Multiple kernel clustering (MKC) has garnered considerable attention in recent years, aiming to obtain an optimal partition from multiple base kernels. Existing MKC methods typically focus on either learning the pairwise structure by constructing an optimal kernel from the base kernels or learning the cluster structure by integrating multiple base partitions into a consensus one for clustering. However, these previous approaches overlook the potential for mutual structure learning between the two aspects, i.e., pairwise and cluster structure, of clustering. To address this limitation, we propose a novel multiple kernel clustering method, referred to as MSL-MKC, which simultaneously learns pairwise and cluster structure to achieve an improved consensus partition matrix for clustering. Specifically, MSL-MKC extends the adaptive neighbor graph learning approach into kernel space to construct a discriminative similarity graph from multiple base kernels for pairwise structure learning.
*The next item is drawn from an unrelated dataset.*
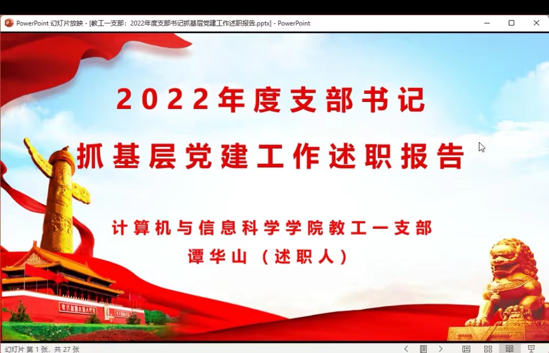 大会上,各位党支部书记逐一进行述职。教工一党支部书记谭华山老师谈到,教工一党支部始终坚持政治理论学习摆在首位,扎扎实实开展理论学习和形式丰富多样的主题活动,广大党员在疫情期间发挥先锋模范作用,下沉社区,发光发热;教工二党支部书记叶青老师介绍了疫情期间支部的业务工作与党建工作有机结合,支部教师党员交流探讨如何熟练运用网课平台,提高网课教学质量。叶老师还特别针对“网课爆破”这类突发事件,通过案例教学,生动演绎网络爆破模拟,让大家防患于未然,增强互联网课堂掌控本领;研究生一党支部书记宋婷婷老师详细介绍了支部本年度开展的组织生活,重点介绍了支部如何努力完善管理制度、打造特色亮点活动以及疫情期间党员同志的先进事迹;研究生二党支部蒋明宇老师谈到,本党支部将志愿活动与科研活动有机结合,着力打造以科研帮扶为主的志愿者活动,开展过两次大型的论文指导和竞赛指导现场交流活动,党员与群众双方展开科研思想碰撞,充分发挥朋辈互育,党员学生的领雁作用;研究生三党支部书记曹光老师谈到,研究生三党支部成立于2022年4月,自支部成立以来,把党建工作与日常工作紧密结合,同研究同部署,与支委会成员一道推进支部建章立制,小处着手,细微处发力,提升支部管理水平,充分展现新支部全新的面貌。本科生一党支部靳蜜静老师突出介绍了通过抓思想建设,鼓励党员注重专业融合和综合发展,培养了一批肯吃苦、能战斗、素质硬的党员先锋典型。学生二党支部书记刘宇老师结合样板支部建设过程,介绍创新学习机制,开展“党课我来讲”先锋课堂;学生三党支部钟华老师进一步打造支部特色,完善支部品牌,持续推荐党员培养教育计划,将学习、交流、表率、成果融为一体,推动支部建设走深走实。

The consensus partition is formulated by aligning it with multiple base partitions for cluster structure learning. We utilize a Laplacian regularization term to preserve the pairwise structure in the consensus partition and inject the cluster structure into the discriminative similarity graph. The proposed method integrates similarity graph learning, partition fusion, and Laplacian regularization into a unified framework, optimized using an iterative algorithm. Experimental results on various benchmark datasets demonstrate the efficacy of MSL-MKC. The demo code of this work is publicly available at https://github.com/guanyuezhen/MSL-MKC.